- EXERCISE INPUTS

____________________

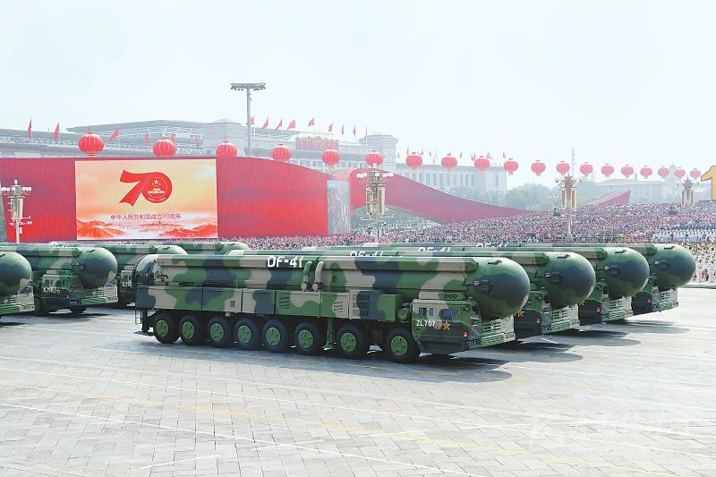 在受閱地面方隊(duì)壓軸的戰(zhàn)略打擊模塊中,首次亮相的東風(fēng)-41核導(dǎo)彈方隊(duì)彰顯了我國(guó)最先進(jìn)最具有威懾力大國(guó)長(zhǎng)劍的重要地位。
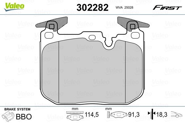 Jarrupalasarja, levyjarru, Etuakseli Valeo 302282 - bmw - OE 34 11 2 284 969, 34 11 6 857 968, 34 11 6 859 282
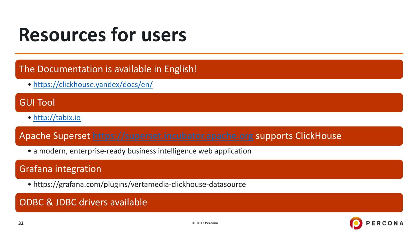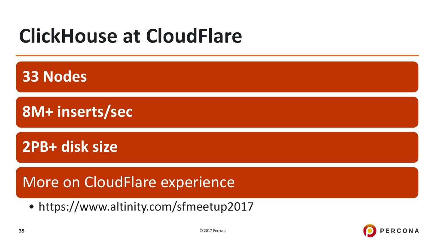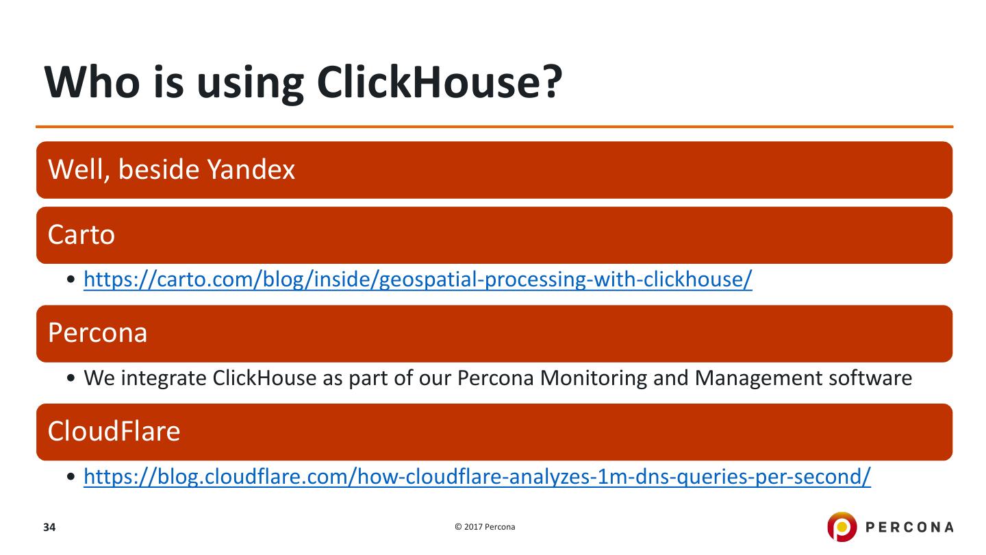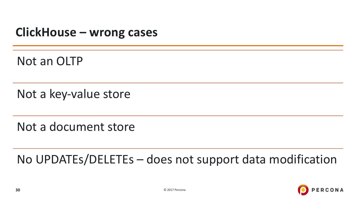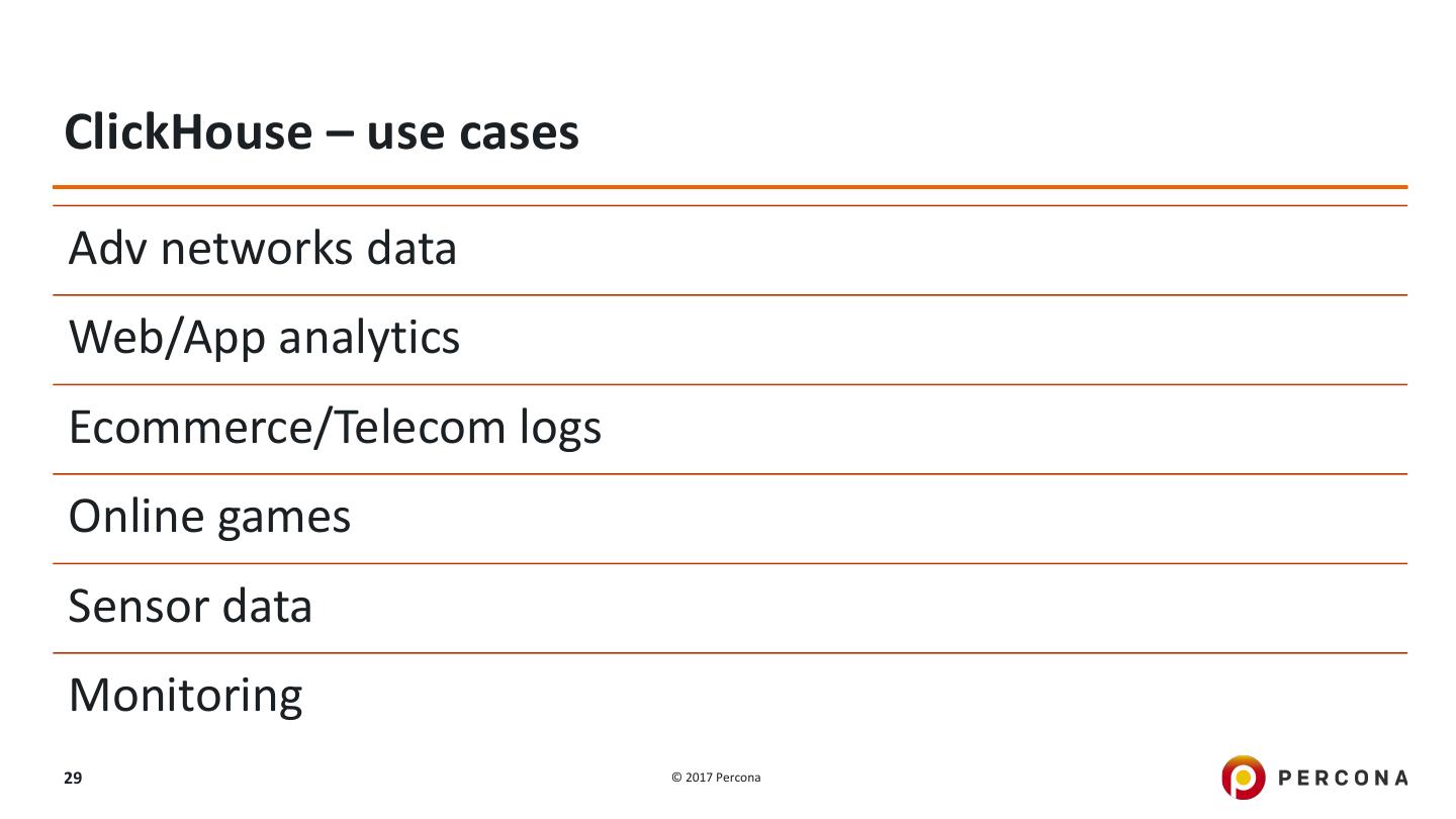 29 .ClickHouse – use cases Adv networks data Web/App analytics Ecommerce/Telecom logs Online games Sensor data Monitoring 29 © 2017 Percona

____________________

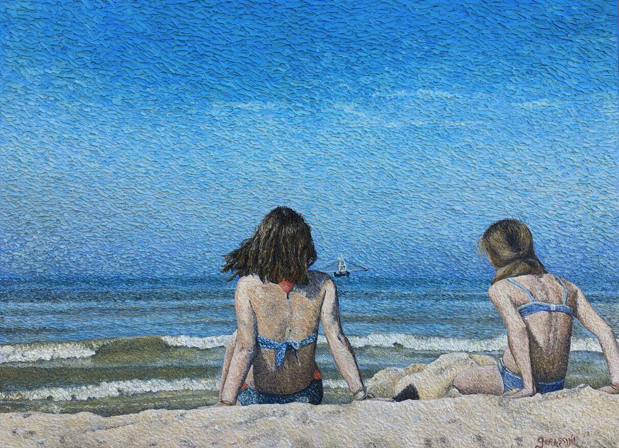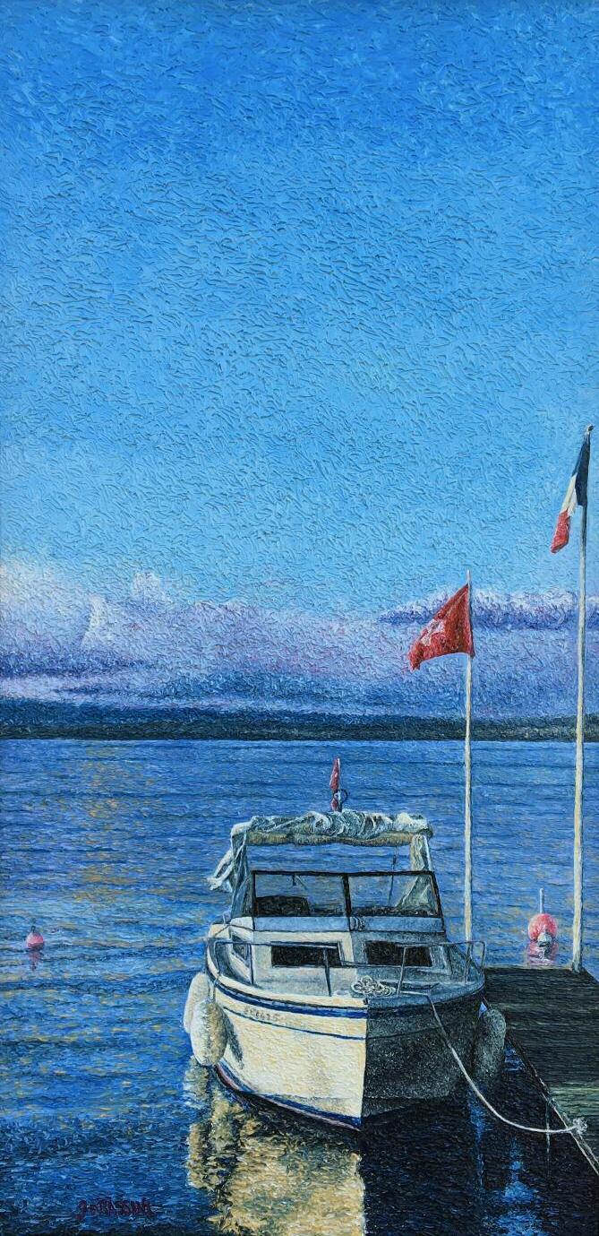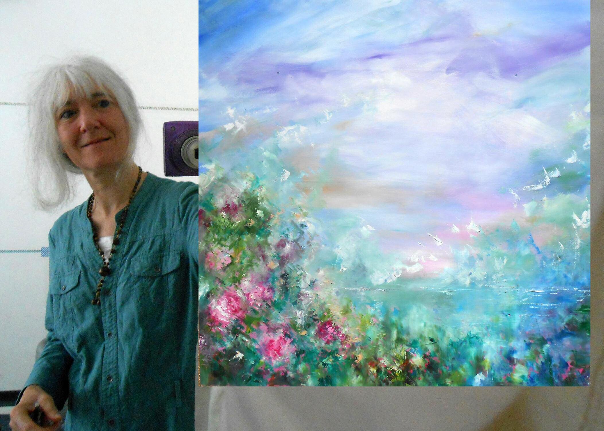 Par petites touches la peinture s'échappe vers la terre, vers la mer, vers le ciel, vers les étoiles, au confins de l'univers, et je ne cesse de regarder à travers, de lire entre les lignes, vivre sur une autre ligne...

____________________

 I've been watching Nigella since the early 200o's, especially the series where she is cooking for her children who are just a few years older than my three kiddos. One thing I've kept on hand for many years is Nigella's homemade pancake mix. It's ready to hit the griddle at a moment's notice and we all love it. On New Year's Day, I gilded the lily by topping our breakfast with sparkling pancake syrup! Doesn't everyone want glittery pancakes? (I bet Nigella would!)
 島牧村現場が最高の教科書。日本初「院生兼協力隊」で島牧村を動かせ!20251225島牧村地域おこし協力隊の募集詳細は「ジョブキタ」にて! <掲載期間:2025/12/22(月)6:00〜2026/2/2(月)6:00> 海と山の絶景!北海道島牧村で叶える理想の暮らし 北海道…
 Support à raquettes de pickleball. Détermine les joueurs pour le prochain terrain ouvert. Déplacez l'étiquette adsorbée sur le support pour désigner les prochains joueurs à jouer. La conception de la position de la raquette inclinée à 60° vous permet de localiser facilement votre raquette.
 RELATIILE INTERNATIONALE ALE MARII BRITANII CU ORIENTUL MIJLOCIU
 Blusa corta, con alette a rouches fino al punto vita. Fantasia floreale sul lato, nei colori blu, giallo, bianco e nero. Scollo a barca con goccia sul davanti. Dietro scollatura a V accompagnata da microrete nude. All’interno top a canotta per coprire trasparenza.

____________________

- YOUR ASSIGNMENT
Quote word for word only the lines above from the one containing "在受閱地面方隊(duì)壓軸" through the one containing "Jarrupalasarja, levyjarru, Etuakseli". Pictures stay out of your copy.

- ANSWER BELOW
 在受閱地面方隊(duì)壓軸的戰(zhàn)略打擊模塊中,首次亮相的東風(fēng)-41核導(dǎo)彈方隊(duì)彰顯了我國(guó)最先進(jìn)最具有威懾力大國(guó)長(zhǎng)劍的重要地位。
 Jarrupalasarja, levyjarru, Etuakseli Valeo 302282 - bmw - OE 34 11 2 284 969, 34 11 6 857 968, 34 11 6 859 282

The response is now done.